High-resolution transmission electron microscopy (HRTEM) was used to study the evolution of phase structure of R1–R4 in detail. Fig. S3(a)† shows the HRTEM image of sample R1, where the lattice spacing of 2.6 Å and 1.6 Å are assigned to the (220) plane of MoO3 and the (110) plane of MoS2, respectively. The HRTEM image of sample R2 shows that the lattice spacings are 2.6 Å and 2.7 Å, assigned to the (220) plane of MoO3 and the (100) plane of MoS2,[27] respectively (see Fig. S3(b) in ESI†). This indicates that the two phases of MoS2 and MoO3 may coexist in the samples R1 and R2. Whereas the HRTEM image of the samples R3 and R4 show only clear lattice fringes with a spacing of 2.7 Å corresponding to the (100) plane of MoS2,[28] this suggests that there is a pure MoS2 phase in the samples R3 and R4 (see Fig. S3(c) and (d)†).The crystal structure and phases of the products at the different reaction stages were further studied by XRD (see Fig. 2(a)). In the XRD of sample R1, peaks at 9.7°, 29.4°, and 35.4° can be attributed to the (100), (300), and (310) reflections of MoO3 (marked by “■”, JCPDS card No. 21-0569)[29] and the 33.0° and 58.3° peaks can belong to the (100) and (110) planes of MoS2 (marked by “●” JCPDS card No. 37-1492).[30] This suggests there are two MoO3 and MoS2 phases in sample R1, which is consistent with the results of the HRTEM image analysis. In addition, all the XRD peaks of sample R1 are broad and weak, indicating that sample R1 is amorphous. This is also evidenced by electron diffraction patterns (Fig. S4 in ESI†), which present diffusion rings. When the reaction time is 60 min, a new clear peak at 14.4° appears in the XRD spectrum, corresponding to the (002) reflection of MoS2. Whereas the features of other peaks remain broad, implying that the crystallinity of sample R2 is still weak. When the reaction time is 90 min, peaks at 9.7°, 29.4°, and 35.4° almost disappear in the XRD spectrum, indicating most of the MoO3 phase may be converted into the MoS2 phase. When the reaction time is prolonged to 150 min, the corresponding XRD of sample R4 shows that all peaks are well-matched with 2H–MoS2, and the intensity of these peaks increases further, revealing an enhancement of crystallinity.[31]
Fig. 2
XRD patterns (a) and Raman spectra (b) of MoS2 nanocrystals samples R1, R2, R3, and R4.

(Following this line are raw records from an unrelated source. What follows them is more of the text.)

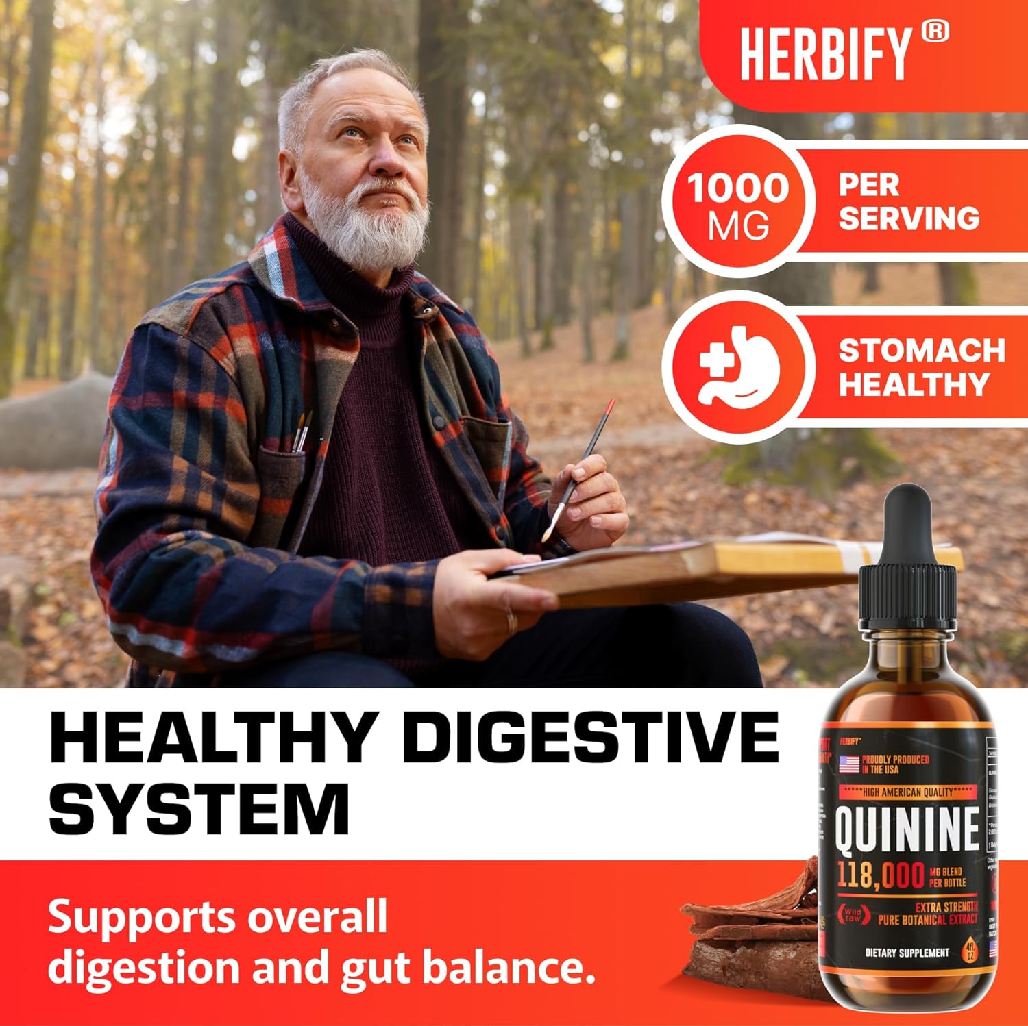 About this item Fast Absorbing Quinine Supplement. This liquid extract of wild red cinchona tree bark provides support for your immunity. Herbify liquid quinine drops have the highest absorption rate, hence it works faster. Quinine Tincture improve your digestion and soothe a bloated stomach with a natural extract. Herbify quinine drops supplement is made from 2 types of high quality cinchona bark - Cinchona Succirubra and Officinalis. Pure Concentrated Quinine will help you maintain health of your nervous system. This natural supplement is known to improve your overall well-being and supply your body with essential nutrients. Herbify is made in the USA with a lot of pride. We are based in Florida and use American ingredients as much as possible. We at Herbify have strict quality control, check our sources, and value Love & Trust for our brand above everything else. Unhappy with our product Reach Out Directly to Make It Right! - If our product falls short of your expectations, please contact us directly for a prompt solution. Ensuring your satisfaction is our highest priority. With us, enjoy a seamless shopping experience where your health and well-being are of utmost importance. Should the anticipated benefits not materialize, our hassle-free return policy, complementing Amazon’s A-to-z Guarantee, offers a straightforward money-back process. See more product details,Fast Absorbing Quinine Supplement. This liquid extract of wild red cinchona tree bark provides support for your immunity. Herbify liquid quinine drops have the highest absorption rate, hence it works faster,Quinine Tincture improve your digestion and soothe a bloated stomach with a natural extract. Herbify quinine drops supplement is made from 2 types of high quality cinchona bark - Cinchona Succirubra and Officinalis,Pure Concentrated Quinine will help you maintain health of your nervous system. This natural supplement is known to improve your overall well-being and supply your body with essential nutrients,Herbify is made in the USA with a lot of pride. We are based in Florida and use American ingredients as much as possible. We at Herbify have strict quality control, check our sources, and value Love & Trust for our brand above everything else,Unhappy with our product Reach Out Directly to Make It Right! - If our product falls short of your expectations, please contact us directly for a prompt solution. Ensuring your satisfaction is our highest priority. With us, enjoy a seamless shopping experience where your health and well-being are of utmost importance. Should the anticipated benefits not materialize, our hassle-free return policy, complementing Amazon’s A-to-z Guarantee, offers a straightforward money-back process
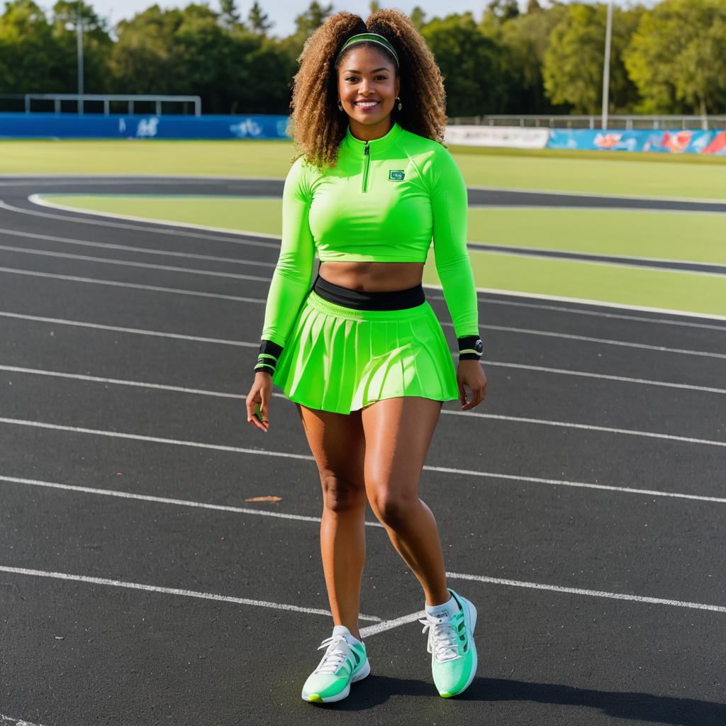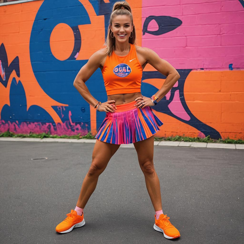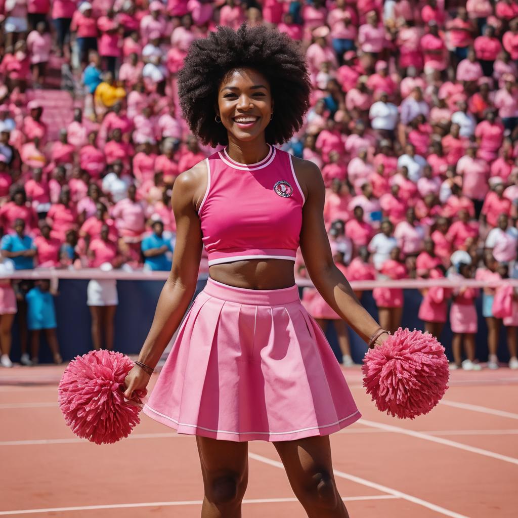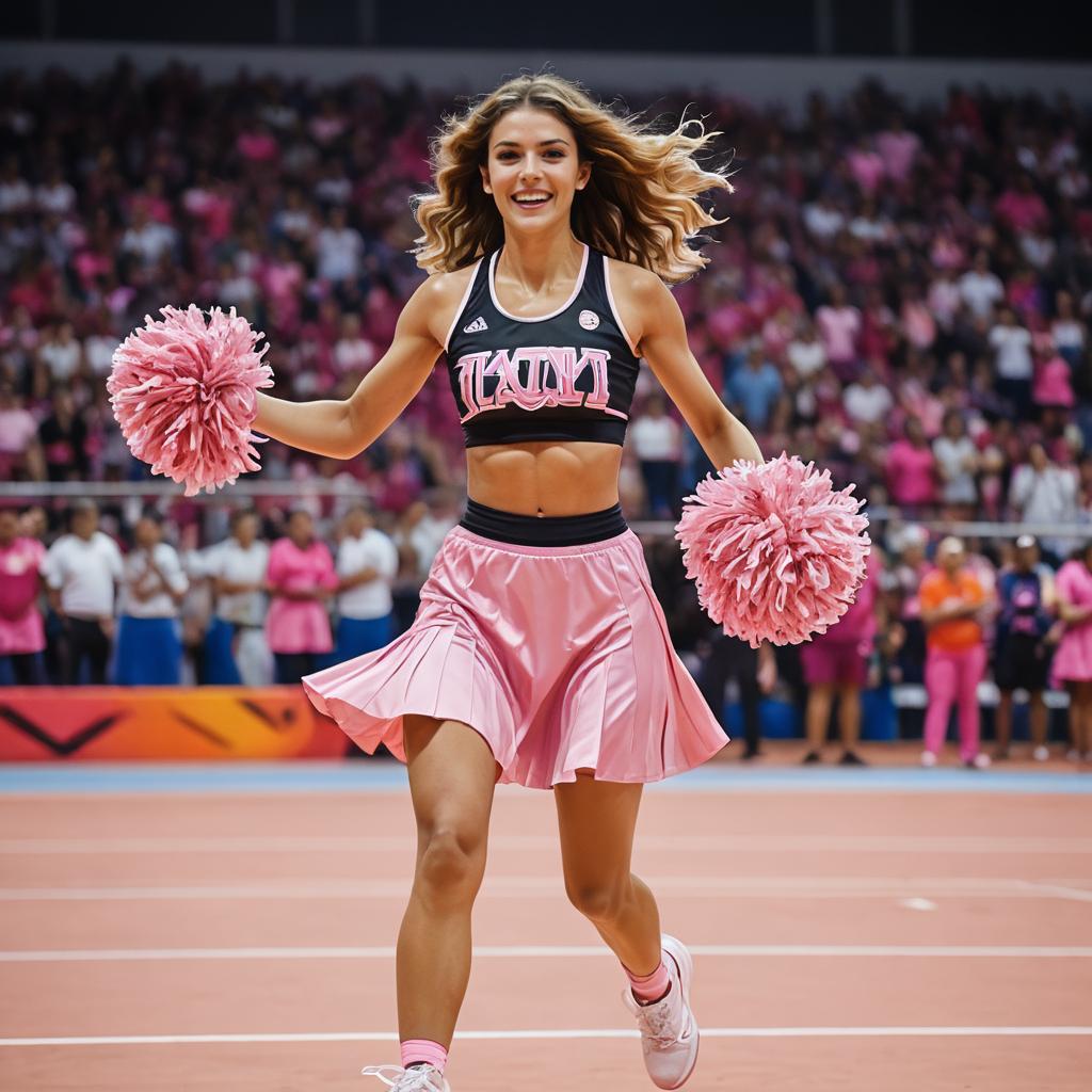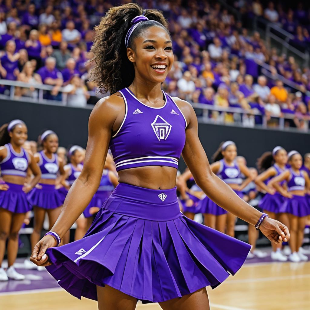 Photo of a Framed Lithe Appearance woman, Bohemian Waves, cheerleader outfit, pleated Plum Purple skirt, crop top in Bamboo, vibrant colors, polyester, athletic style, Cutout Ankle Boots, pom-poms, team logo, energetic, youthful, arcade, illustrated aesthetic
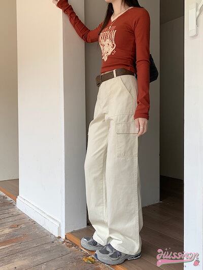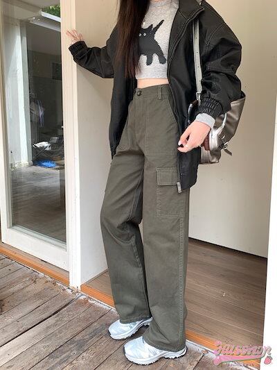 パンツ ワイド ストレート ハイウエスト 脚長効果 美脚効果 細見え 春 緑 白 黒 カジュアル ストリート 韓国ファッション レディース お出かけ
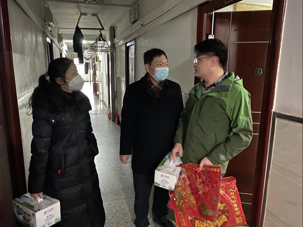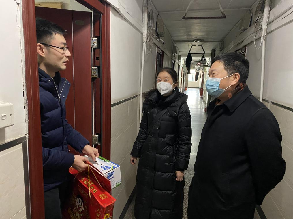 学生宿舍看望留校学生,并为留校同学们带来慰问品,对他们生活表示关心,充分了解学生留校期间的学习生活问题,为学生做好相关保障工作,使留校学生安心学习、安稳过年。
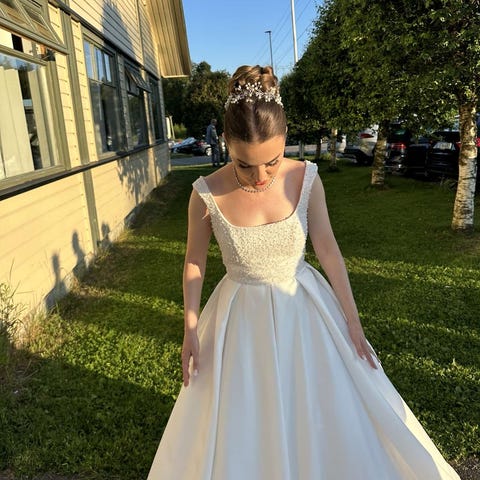 Jeg bruker størrelse S og er 164cm høy, og brukte høye hæler med plattform. Kjolen er veldig forsiktig og pent brukt. Den er kun brukt en gang 07.09.24, i pent vær og inne i lokalet (har ikke vært noe dansing/drikking og slikt i eller rundt denne kjolen).
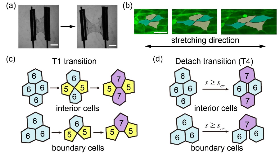 尽管上皮组织可以通过细胞分裂、重组、凋亡等过程去耗散应力以保证上皮组织的内稳态,但当细胞间粘附受损或受到过度拉伸时,上皮组织仍可能发生破坏和断裂。例如,机械通气作为急性呼吸窘迫综合征的一种常用治疗手段,常常会由于对肺泡的过度拉伸而造成急性肺损伤;粘附蛋白和肌动蛋白细胞骨架调控因子有缺陷的患者需要面临比平常人更加脆弱和容易受损的上皮组织屏障功能;甚至一些简单生物体(例如丝盘虫)的自身运动就可以导致其上皮组织发生断裂。尽管上皮组织的机械性能是其功能的重要组成部分,但是上皮组织在机械力作用下的断裂失效机制还不清楚,而且目前也缺乏可以描述上皮组织断裂破坏的理论模型。
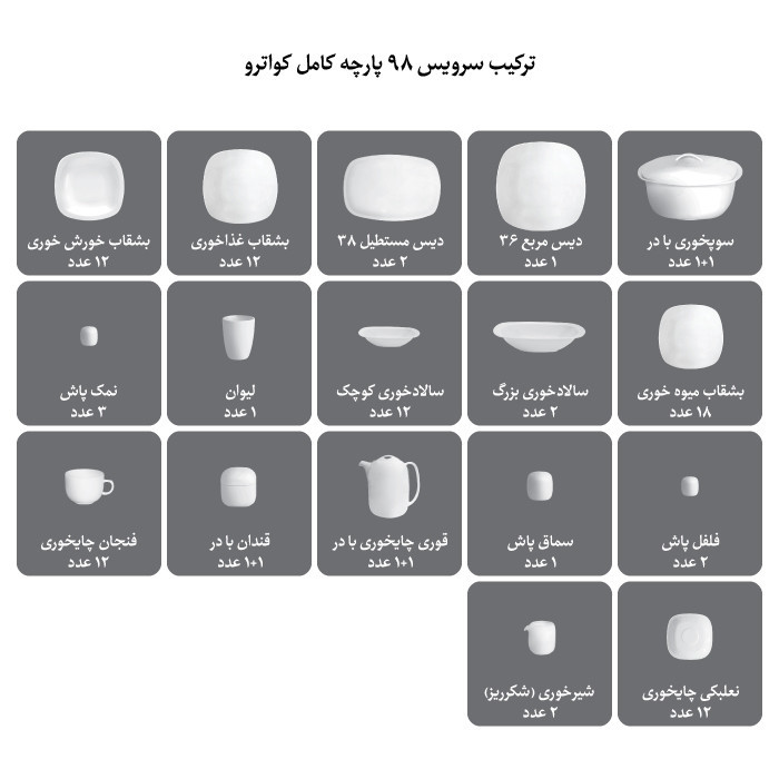 سوپخوری , ظرف سالاد , دیس , بشقاب غذاخوری , بشقاب خورشخوری , پیشدستی , قوری چایخوری , فنجان , نعلبکی , قندان , شکرریز , نمکپاش و فلفلپاش , لیوان
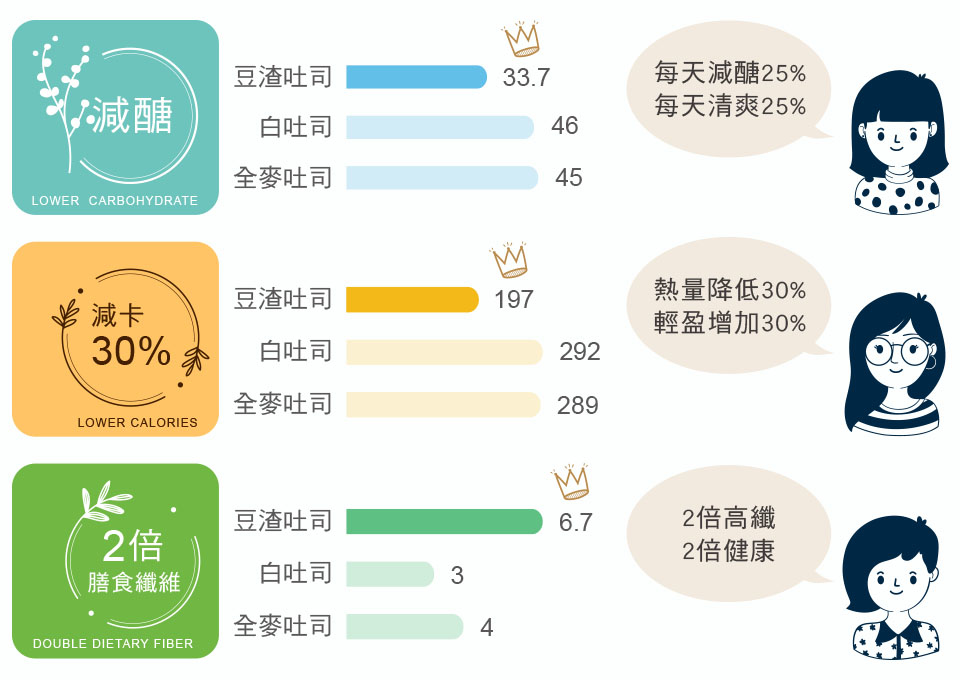 ● 兩片豆渣輕吐司 → 即滿足一天1/4的膳食纖維
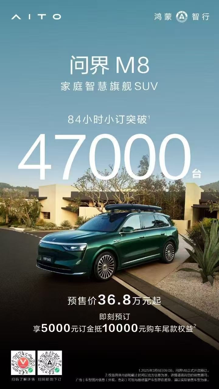 问界M8的4.7万的小订订单,不仅代表着消费者对这款产品的信任和青睐,更是市场对问界“智慧重塑豪华”理念的认可。当传统对手被迫迎战这场 “降维打击”时,中国新能源市场的竞争已进入深水区:唯有将核心技术转化为用户可感知的价值跃迁,才能在淘汰赛中赢得未来。而问界M8,正为行业书写着这份新规则的范本。
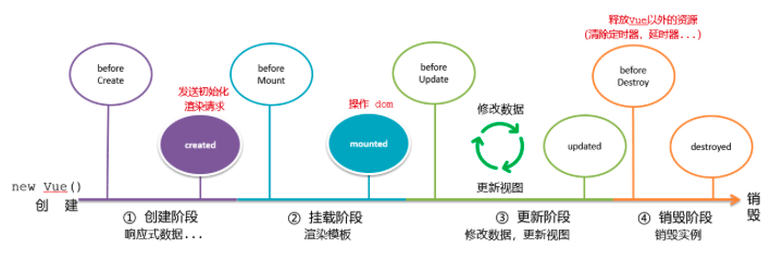 - 生命周期四个阶段:① 创建 ② 挂载 ③ 更新 ④ 销毁
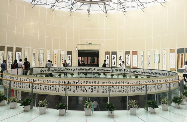 在喜迎党的十九大胜利召开之际,金沙官网迎来了61周年校庆纪念日。9月21日,由金沙官网党委宣传部、工会、团委、图书馆联合举办的“建设亮丽内蒙古共绘伟大中国梦”书画集报展在图书馆一、二楼展厅正式拉开序幕。校党委常委、宣传部部长杨家庆,工会、学工部、艺术与设计学院、文法学院、图书馆相关负责人参加活动。
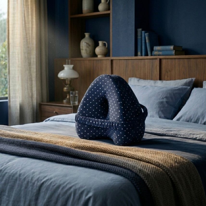 It keeps your legs properly aligned during sleep to reduce pressure on your lower back and hips.
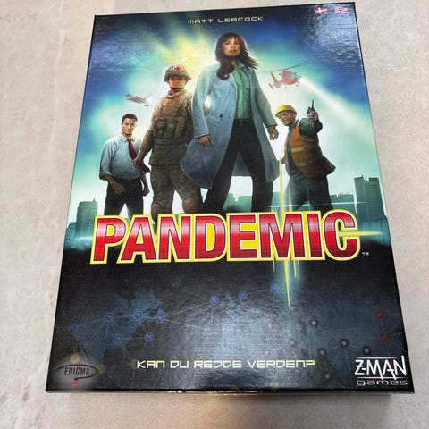 Z-Man Pandemic brætspil med spilbræt, spillekort, spillebrikker og instruktioner. Spillet går ud på at samarbejde om at stoppe globale sygdomsudbrud. Indeholder forskellige karakterer og sygdomsmarkører.

Fig. 2(b) shows the Raman spectra of samples R1, R2, R3, and R4. The 384 cm−1 and 403 cm−1 peaks are respectively attributed to E2g1 and A1g of MoS2, and the bands at 810 cm−1 and 994 cm−1 may be assigned to the Mo–O stretching frequency of MoO3.[32] As the reaction process proceeds, the relative intensity of the Mo–O peak gradually weakens, implying that the relative content of MoO3 in molybdenum chalcogenide composites gradually decreases. When reaction time exceeds 90 min, a higher content of the aMoS2 phase can be obtained.Fig. 3(a) shows the XPS data of sample R3, indicating that Mo and S elements are dominant in the chemical composition. The high-resolution XPS of Mo3d (Fig. 3(b)) with peaks at 232.7 eV and 229.4 eV corresponds to Mo4+ 3d3/2 and Mo4+ 3d5/2, respectively.[33] The 236.0 eV and 232.0 eV peaks are attributed to MoVI 3d3/2 and MoVI 3d5/2.[34] The two peaks are so weak that they are difficult to identify, suggesting a low content of hexavalent molybdenum in the sample. Fig. 3(c) shows the high-resolution XPS of S2p spectra, where the 163.5 eV and 162.2 eV peaks are attributed to the S2p1/2 and S2p3/2 components of MoS2.[35] The 530.9 eV and 532.1 eV peaks of the O1s spectrum (Fig. 3(d)) may be associated with trance lattice oxygen in MoS2 and ambient oxygen, respectively. The two peaks are so weak that they cannot be observed, suggesting that the sample consists mainly of the MoS2 phase and only slightly of the MoO3 phase. This is in accordance with the XRD analysis.
Fig. 3
XPS overview spectrum of sample R3 (a) and high-resolution scans of Mo3d (b), S2p (c), and O1s electrons (d).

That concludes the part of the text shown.